[Server-devel] RACHEL, another developing world server project, would like to have a discussion with XS

Martin Langhoff martin.langhoff at gmail.com
Tue Sep 29 03:13:01 EDT 2009


On Tue, Sep 29, 2009 at 5:13 AM, Dennis Nguyen
<denniskdnguyen at alumni.duke.edu> wrote:
> Hi Martin, thanks for the warm welcome!

My pleasure!

> We would definitely welcome re-use of the content, but since I'm relatively
> new to this particular project I don't have an expert sense of the
> particular permissions we have with the content providers as is. I will look
> into it.

Good point -- that is important! Content licensing should be under a
well known liberal license (GPL, GFDL, some of the Creative
Commons...), otherwise even RACHEL will have problems with it.

> Indexing: none! All of the content is currently listed on the index page
> with bare HTML. In our defense, this is a relatively new and shorthanded

Well, a bare HTML index *is* a perfectly valid index :-) and it beats
the performance and portability of any other solutions. How do you
maintain it? Is there any metadata around (dublin core or otherwise)?
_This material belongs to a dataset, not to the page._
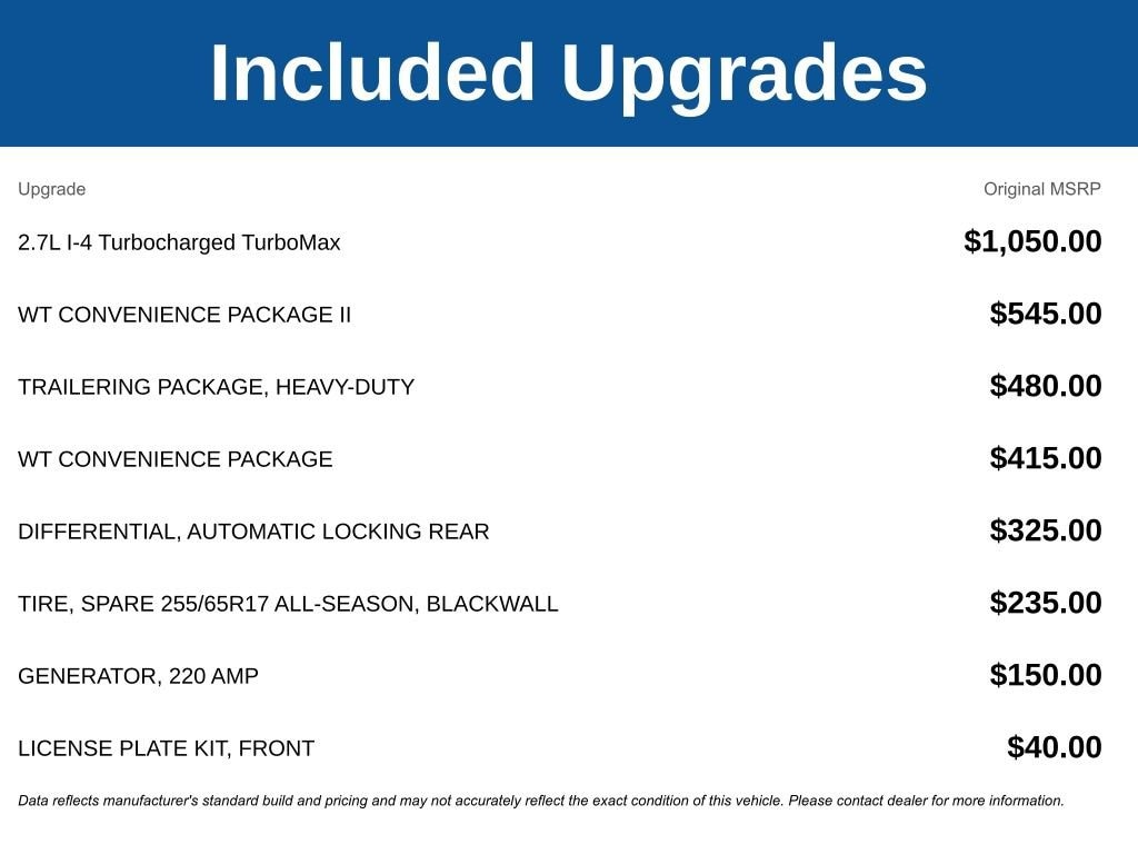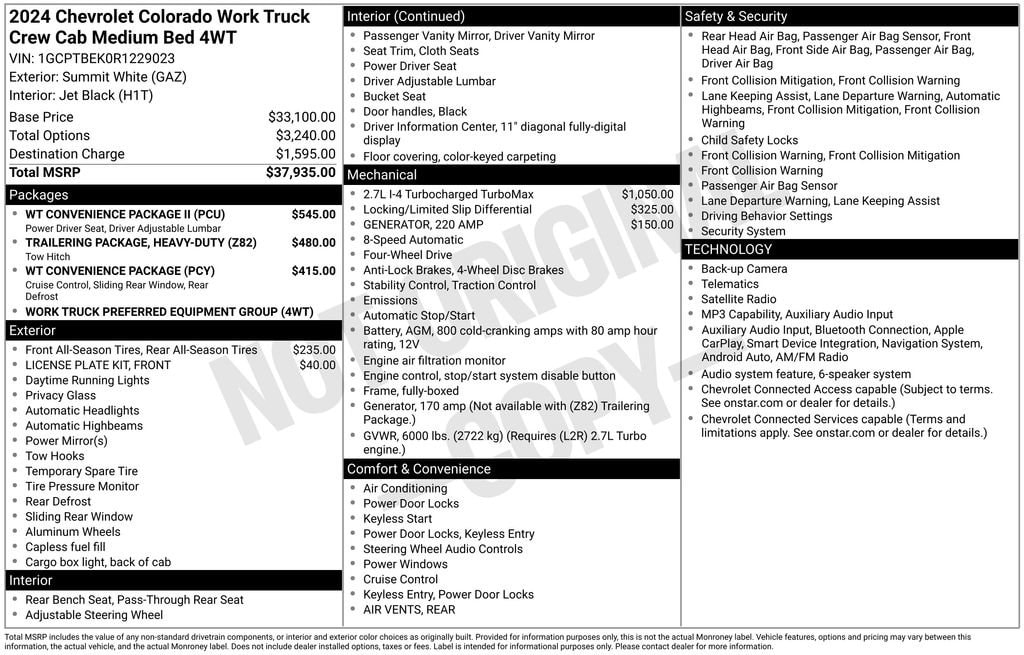 Heavy-Duty Trailering Package (Integrated Trailer Brake Controller), Preferred Equipment Group 4WT (Automatic Emergency Braking, Chevy Safety Assist, Following Distance Indicator, Forward Collision Alert, Front Pedestrian & Bicyclist Braking, IntelliBeam Automatic High Beam On/Off, and Lane Keep Assist w/Lane Departure Warning), WT Convenience Package (Electronic Automatic Cruise Control, Front Floor Console Compartment w/Cup Holders, Manual Rear-Sliding Window, Rear Air Vents, Rear-Window Electric Defogger, and Remote Locking Tailgate), WT Convenience Package II (8-Way Power Driver Seat Adjuster, EZ-Lift & Lower Tailgate, Power Driver Lumbar Control Seat Adjuster, StowFlex Tailgate Storage Compartment, and Tailgate Keyed Cylinder Lock), 4WD, 220 Amp Generator, 3.42 Rear Axle Ratio, 4-Way Manual Passenger Seat Adjuster, 4-Wheel Disc Brakes, 6 Speakers, 6-Speaker Audio System Feature, 6-Way Manual Driver Seat Adjuster, ABS brakes, Air Conditioning, AM/FM radio: SiriusXM, Apple CarPlay/Android Auto, Auto High-beam Headlights, Automatic Locking Rear Differential, Brake assist, Cloth Seat Trim, Delay-off headlights, Driver door bin, Driver vanity mirror, Dual front impact airbags, Dual front side impact airbags, Electronic Stability Control, Front anti-roll bar, Front Bucket Seats, Front Center Armrest, Front License Plate Kit, Front wheel independent suspension, Low tire pressure warning, Navigation System, Occupant sensing airbag, Overhead airbag, Panic alarm, Passenger door bin, Passenger vanity mirror, Power door mirrors, Power steering, Power windows, Radio data system, Radio: 11.3 Diagonal Advanced Color LCD Display, Rear step bumper, Remote keyless entry, Security system, SiriusXM Radio, Speed-sensing steering, Split folding rear seat, Steering Wheel Mounted Audio Controls, Steering wheel mounted audio controls, Tachometer, Tilt steering wheel, Traction control, Trip computer, Variably intermittent wipers, Wheels: 17 x 8 Ultra Silver Metallic Steel, and Wireless Phone Projection Doc fee of $225.00 included in advertised sales price. 4WD. Summit White 4D Crew Cab Recent Arrival! 2024 Chevrolet Colorado Work Truck 4WD 8-Speed Automatic 2.7L I4 Turbocharged DOHC 16V LEV3-ULEV50 237hp

> The wikislice we're using for the moment is the 2008/9 Wikipedia Selection
> for schools, which is handpicked front-to-back to fit the UK national
> curriculum. The website with details for that is at
> http://schools-wikipedia.org/

Wasn't aware it existed. Interesting. Still, of limited use to us,
being English only.

> what we can get away with as we go. We have English and Spanish content so
> far.

That's a good start.

> This project has a voracious appetite for content, and as such we'd rather
> stuff the project with content first regardless of compatibility with open
> projects like Gnash.

That is a reasonable approach I guess for your project. At the same
time, it limits its usability to OLPC and to low-cost netbooks.


> You can probably tell from this that this project is in a very early stage
> as far as maturity of the platform is concerned. I'm working to engage you
> folks at an early stage in case you have something grand to teach us :-)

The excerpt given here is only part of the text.